The employee, Barbara McKeever, suffered an injury to her low back on May 7, 2010, while working for the employer, Cub Foods. Since the injury, the employee has undergone several surgeries including an L5-S1 decompression discectomy, a second disc herniation excision, a fusion at L5-S1, a hardware removal procedure, a spinal cord stimulator implant, and a revision surgery to repair loose stimulator leads. She also participated in physical therapy, pain management programs, and received injections, in addition to being prescribed various medications to attempt to reduce her symptoms. In 2014, following the sixth surgery, the employee was diagnosed with chronic regional pain syndrome (CRPS) affecting her left leg.
Conservative treatment was undertaken, including biofeedback, pool therapy, and physical therapy. When these treatments were unsuccessful, she was treated with sympathetic block injections to address her high levels of pain. The injections provided significant, temporary relief.
On June 12, 2018, following a hearing addressing the nature, extent, and causation of the employee’s work injury, as well as disputes over treatment, a compensation judge found that the employee developed CRPS as a result of the May 7, 2010, work injury.
Dr. Hess noted that the employee’s signs and symptoms of CRPS included vascular instability, allodynia, temperature changes, discoloration, mottling, and decreased sensation. Dr. Hess described the employee’s pain as “very difficult to treat,” and reported that all other sources to treat the employee’s symptoms, particularly her pain, had been exhausted and that the sympathetic block injection therapy provided enough relief to minimize her opioid use and her emergency room visits.
The employee was examined by Paul C. Biewen, M.D. on January 11, 2021, at the request of the employer and insurer. In his report issued January 14, 2021, Dr. Biewen opined that the employee had failed back surgery syndrome and chronic low back and left leg pain as a result of the May 7, 2010, work injury. He further opined that she had subjective pain without objective findings and of an unknown etiology involving her other three extremities. Dr. Biewen also opined that the injection therapy was not reasonable nor necessary because she received symptomatic relief typically for only one to two months. Following this report, the employer and insurer discontinued paying for sympathetic block injections.

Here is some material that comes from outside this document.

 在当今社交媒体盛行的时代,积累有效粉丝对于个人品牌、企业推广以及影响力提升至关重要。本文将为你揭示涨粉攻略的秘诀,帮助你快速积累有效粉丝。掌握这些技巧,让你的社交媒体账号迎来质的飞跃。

On December 1, 2021, Dr. Hess reported that the employee’s last injection was on September 22, 2020, that there had been a delay due to workers’ compensation issues, and that he believed that the injections should be approved as they are used “carefully and judiciously.” Despite the denial by the employer and insurer, an injection was provided that day. On December 22, 2021, the employee reported very good relief from the injection. Dr. Hess opined that the injections successfully allowed the employee to reduce her pain and increase her functioning, allowed her to remain working, and while the injections were outside the treatment parameters, the therapy was reasonable and medically necessary because it improved the employee’s quality of life and her daily functioning.
The employee filed a claim petition and the matter was heard before a compensation judge on September 9, 2022. On November 4, 2022, the compensation judge issued his findings and orders concluding that the sympathetic block injection therapy was reasonable and necessary and was payable under the “rare case exception” to the treatment parameters.

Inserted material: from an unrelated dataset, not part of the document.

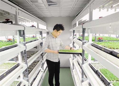 | 双创政策陆续出台,双创环境持续改善,激发各类人群的创新创业热情。图为江苏省返乡农民工运用电力恒温、无土栽培技术培育有机蔬菜苗。 |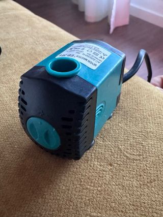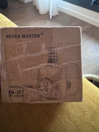 Bomba sumergible de la marca SEVEN MASTER, modelo EB-301. Compacta y eficiente para diversas aplicaciones. - Potencia: 3W - Caudal: Hasta 220 L/H - Salidas para manguera de 8,5mm y 13mm. Ideal para belenes y/o fuentes decorativas de pequeño tamaño. Es muy muy silenciosa y se puede ajustar la velocidad de bombeo. Complemento, fuente, belén, navidad, accesorio, coleccionismo, maqueta, miniaturas.

The “rare case exception” was first identified by the supreme court in Jacka v. Coca-Cola Bottling Co., 580 N.W.2d 27, 58 W.C.D. 395 (Minn. 1998). In Jacka, the court determined that, although the treatment parameters were valid under the Workers’ Compensation Act, a compensation judge may depart from the rules contained in the parameters in “those rare cases in which departure is necessary for the employee to obtain proper treatment.” Id. at 35-36. The Court also analyzed prior decisions in Asti and Darchuks.
In determining whether a “rare case exception” was proven in Jacka, Asti, and Darchuks, the supreme court considered the employee’s ability to return to work, which is a significant goal of the workers’ compensation system. Here, the employee was able to seek out and return to employment within her work restrictions with the aid of the injections, despite being assessed as permanently and totally disabled by Dr. Hess.
The Darchuks court also identified reducing dependency on narcotics as a factor in assessing a “rare case exception.” In this case, Dr. Hess noted one of the goals of the sympathetic block injection therapy was to reduce the employee’s reliance on narcotics. By November 30, 2020, the employee began reducing the amount of Oxycontin intake by another 10 mg per day.
The WCCA affirmed the compensation judge’s decision and concluded that the compensation judge did not err in applying the “rare case exception” to the treatment parameters.